> Supplied records:
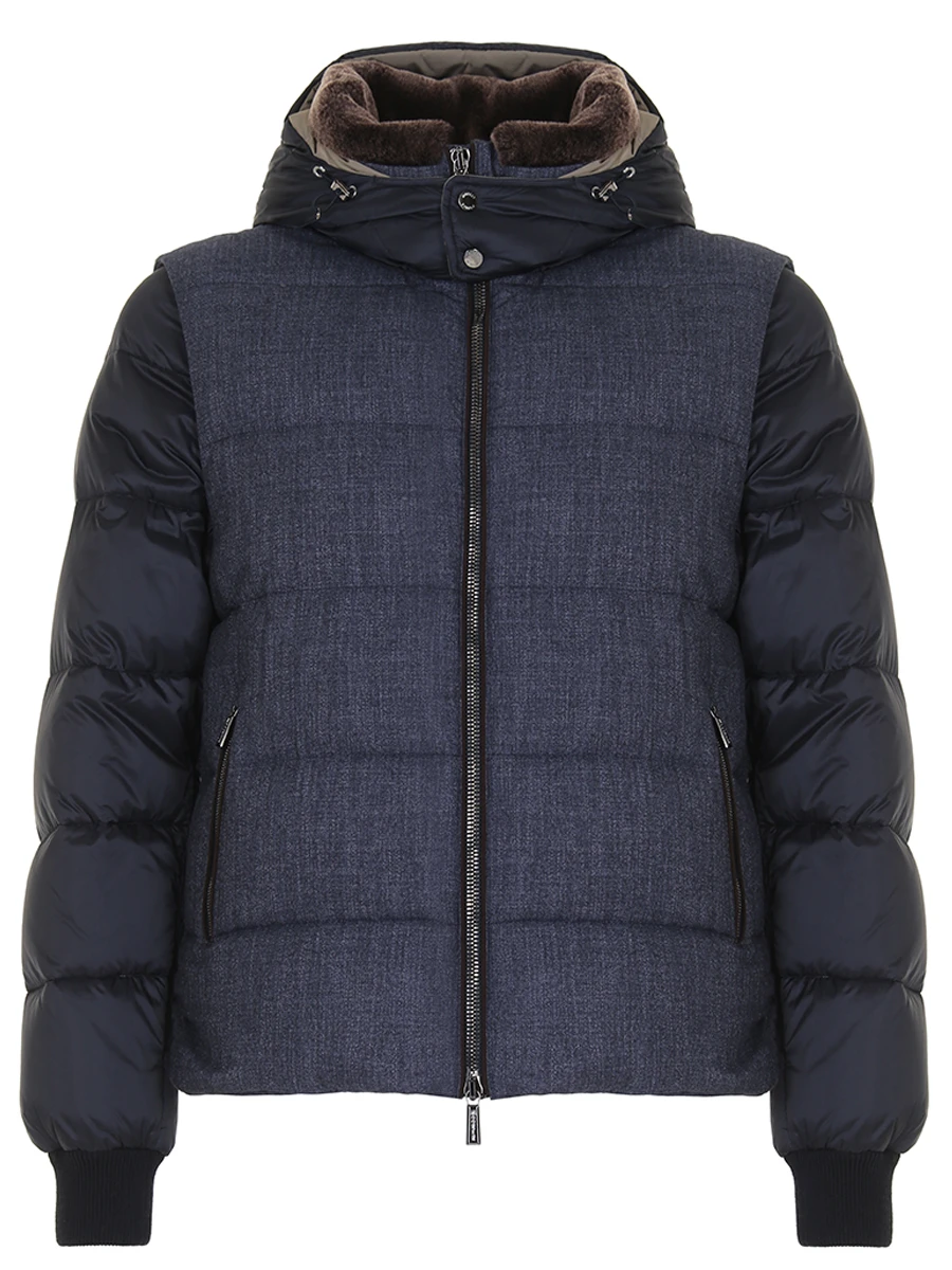 -Синий стеганый пуховик из комбинированной ткани купажированного состава от MOORER.
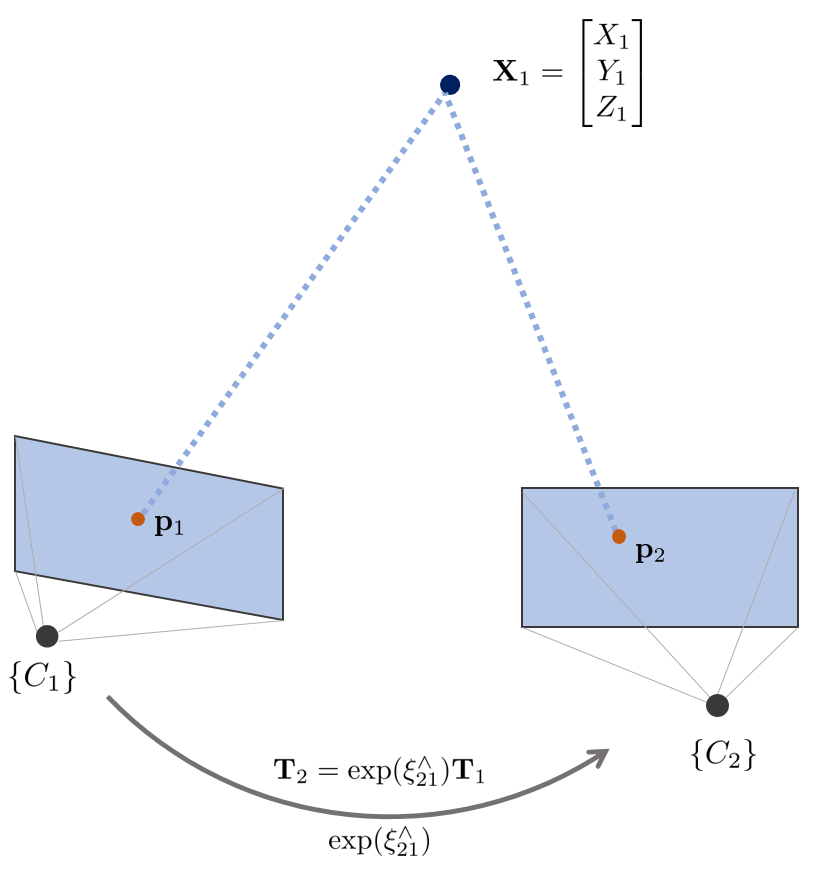 - $\exp(\xi_{21}^{\wedge}) \in \text{SE}(3)$ : C1, C2 카메라 간 상대 포즈 (lie group) (4x4 행렬)
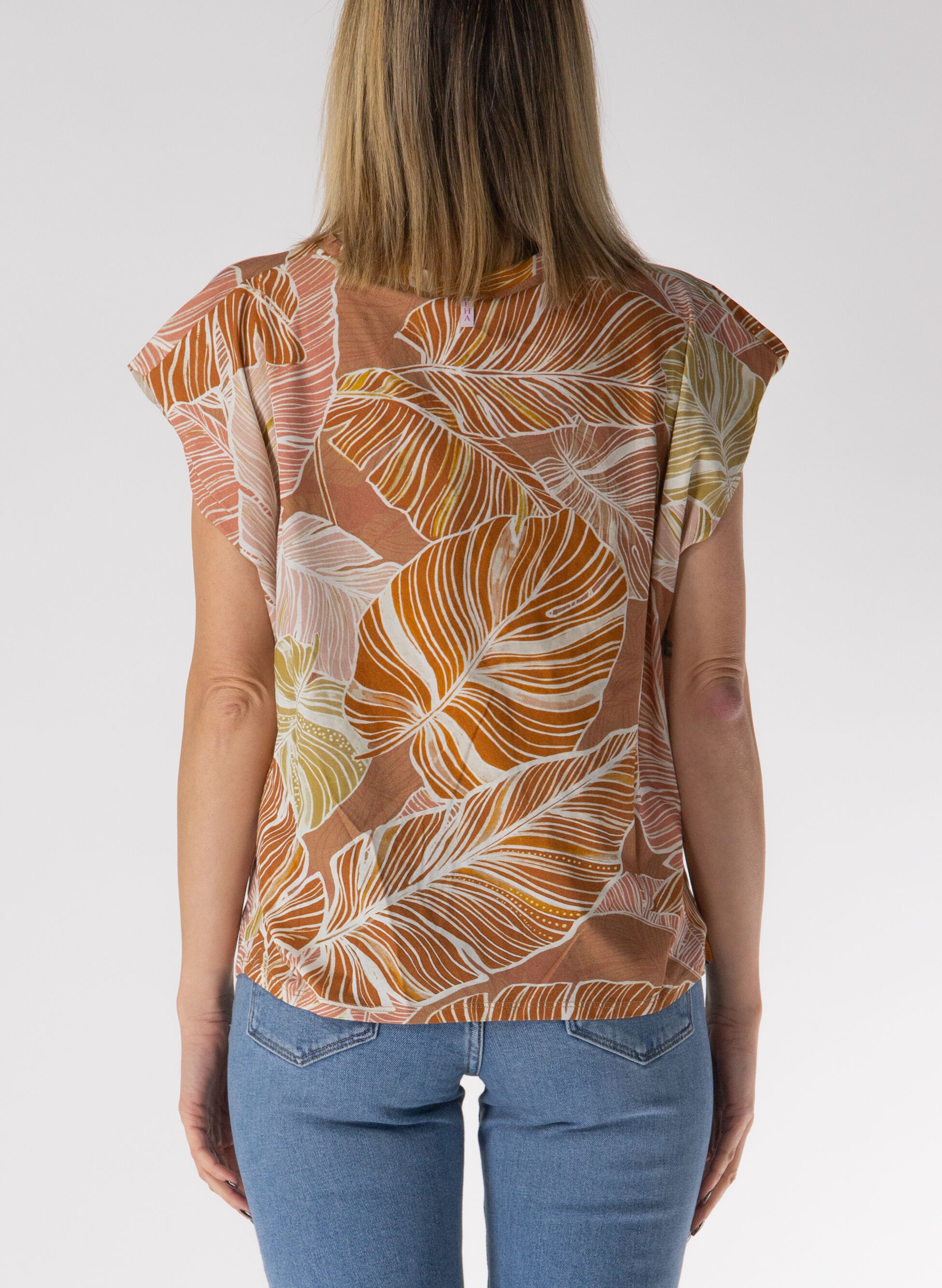 t-shirt girocollo con stampa a fantasia
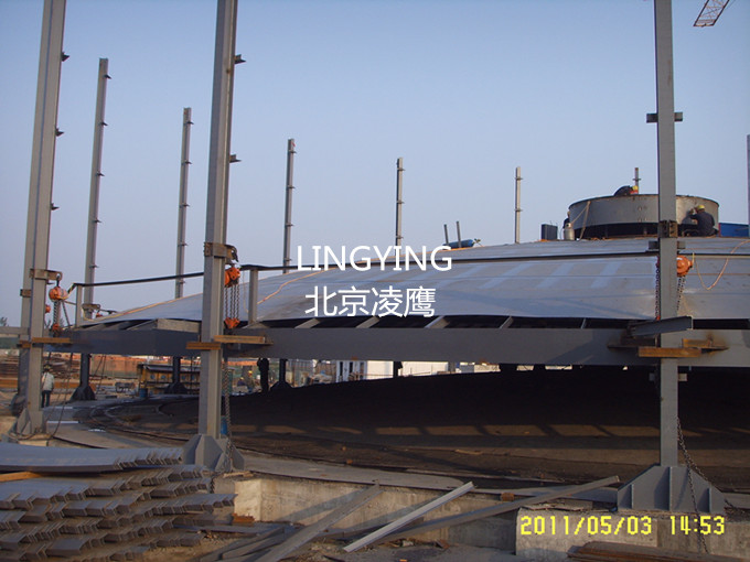 立拱頂胎架(如為拱頂罐),組焊儲罐頂板,在頂板上預(yù)留提升柱天窗。
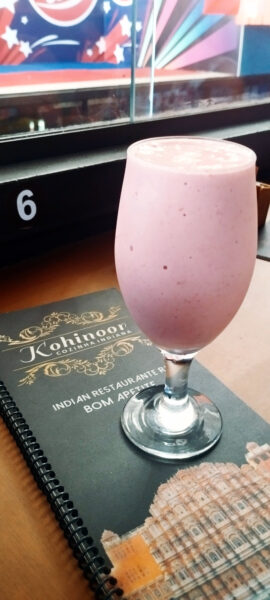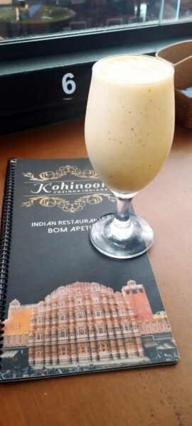 Visitei o KOHINOOR (@kohinoorcozinhaindiana), que fica ali no Shopping Aerotown, na Barra da Tijuca. Comecei, por certo, com uma bebidinha típíca, o Lassi, feito à base de iogurte e especiarias. Esperimentei o lassi de morango e o de manga, que trazia um toque especial de cardamomo.
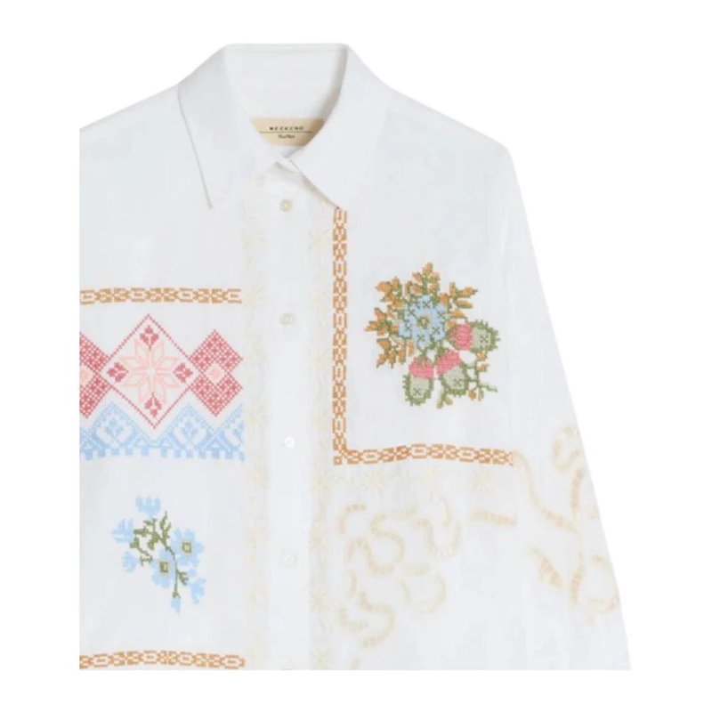 Weekend Max Mara Camicia ricamata con pizzo is a cropped poplin shirt that highlights intricate cross-stitch embroidery and Sangallo lace for a refined daytime look. It’s designed for a lightweight, relaxed silhouette ideal for casual and smart-casual outfits.
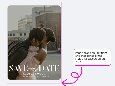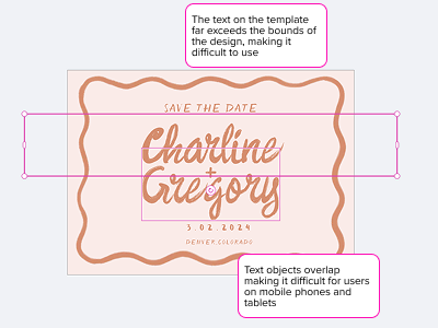 Keep text boxes and images within the design area Make sure any text boxes or image placeholders stay inside the intended design area. When boxes extend far beyond the boundaries, it can confuse customers - especially on smaller screens, by making it unclear where the box begins and ends. Oversized boxes or images can also cause long text to be cut off during printing. You may need to adjust text “line spacing” to adjust the height of the text bounding box so it does not overlap other bounding boxes, as some calligraphy fonts are unnecessarily tall.
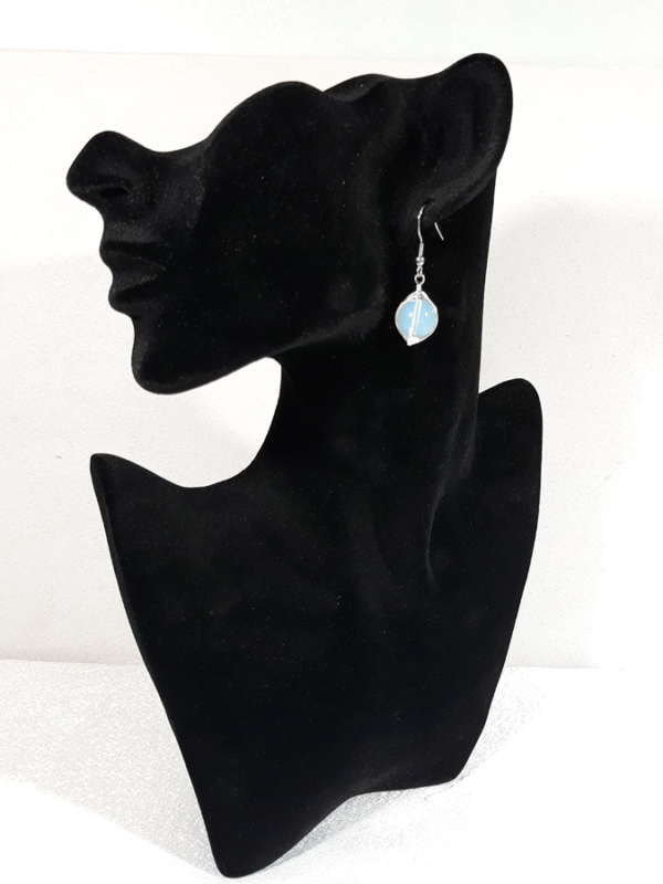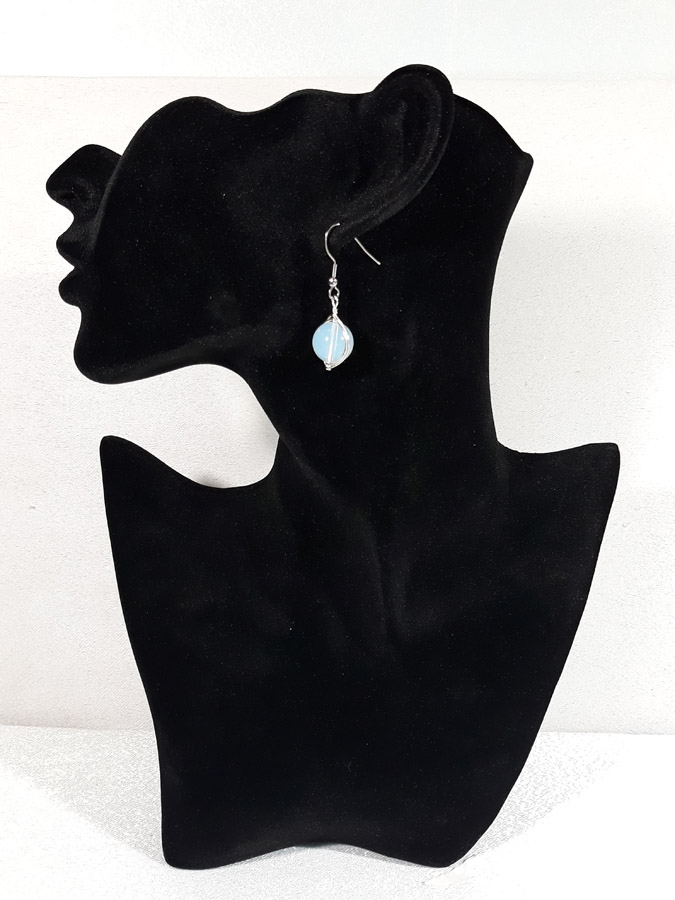 Opis: Ručno izrađene posrebrene naušnice galvanizirane srebrom sa opalitom veličine kamena 1cm i udicom od nehrđajućeg čelika.
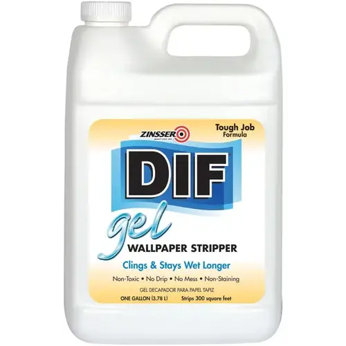 For your most stubborn wallcoverings and adhesives, choose Rust-Oleum ZINSSER DIF gel wallpaper stripper. This ultra-powerful, enzyme-based gel clings to the wall, stays wet and does the work while you wait. The low-odor, ready-to-use solution loosens nearly all types of wallcoverings without the use of caustic chemicals.
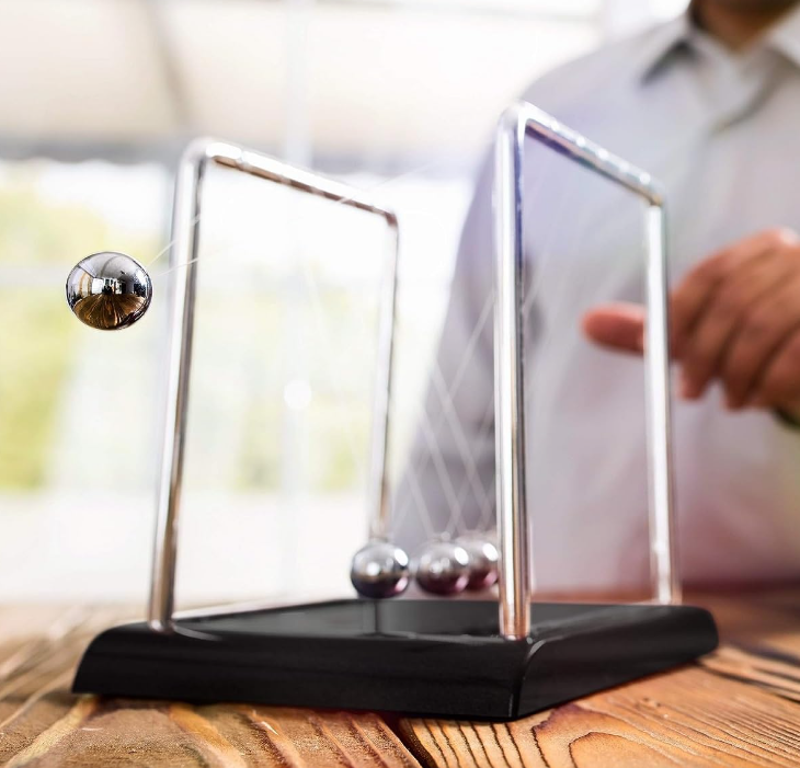 Scopri il meraviglioso mondo della fisica con il pendolo di Newton in movimento perpetuo I-TOTAL®. Con il suo movimento costante, questo pendolo rappresenta il principio di conservazione dell'energia e può essere utilizzato per illustrare i concetti di forza, accelerazione e gravità. Un'aggiunta perfetta per gli studenti e gli appassionati di scienza.
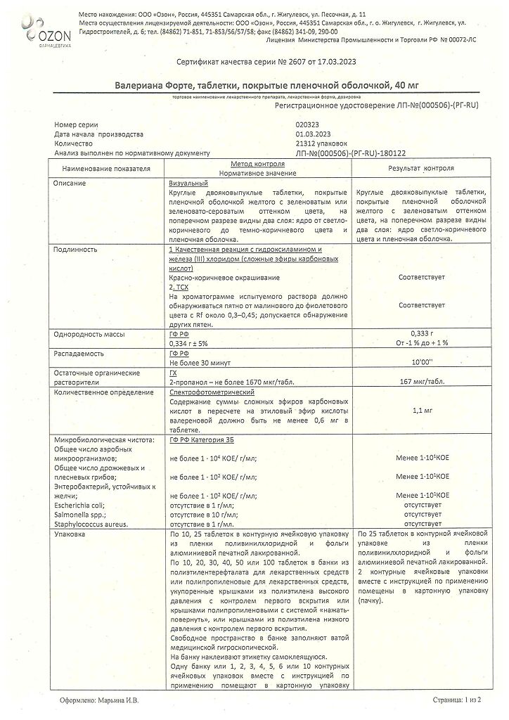 Документы Валериана форте таблетки покрыт.плен.об. 40 мг 50 шт

> Instructions for the task:
Only exact lines belong in the answer: those from the beginning of the entries above through the line holding "Weekend Max Mara", with no pictures.

> Solved problem:
 -Синий стеганый пуховик из комбинированной ткани купажированного состава от MOORER.
 - $\exp(\xi_{21}^{\wedge}) \in \text{SE}(3)$ : C1, C2 카메라 간 상대 포즈 (lie group) (4x4 행렬)
 t-shirt girocollo con stampa a fantasia
 立拱頂胎架(如為拱頂罐),組焊儲罐頂板,在頂板上預(yù)留提升柱天窗。
 Visitei o KOHINOOR (@kohinoorcozinhaindiana), que fica ali no Shopping Aerotown, na Barra da Tijuca. Comecei, por certo, com uma bebidinha típíca, o Lassi, feito à base de iogurte e especiarias. Esperimentei o lassi de morango e o de manga, que trazia um toque especial de cardamomo.
 Weekend Max Mara Camicia ricamata con pizzo is a cropped poplin shirt that highlights intricate cross-stitch embroidery and Sangallo lace for a refined daytime look. It’s designed for a lightweight, relaxed silhouette ideal for casual and smart-casual outfits.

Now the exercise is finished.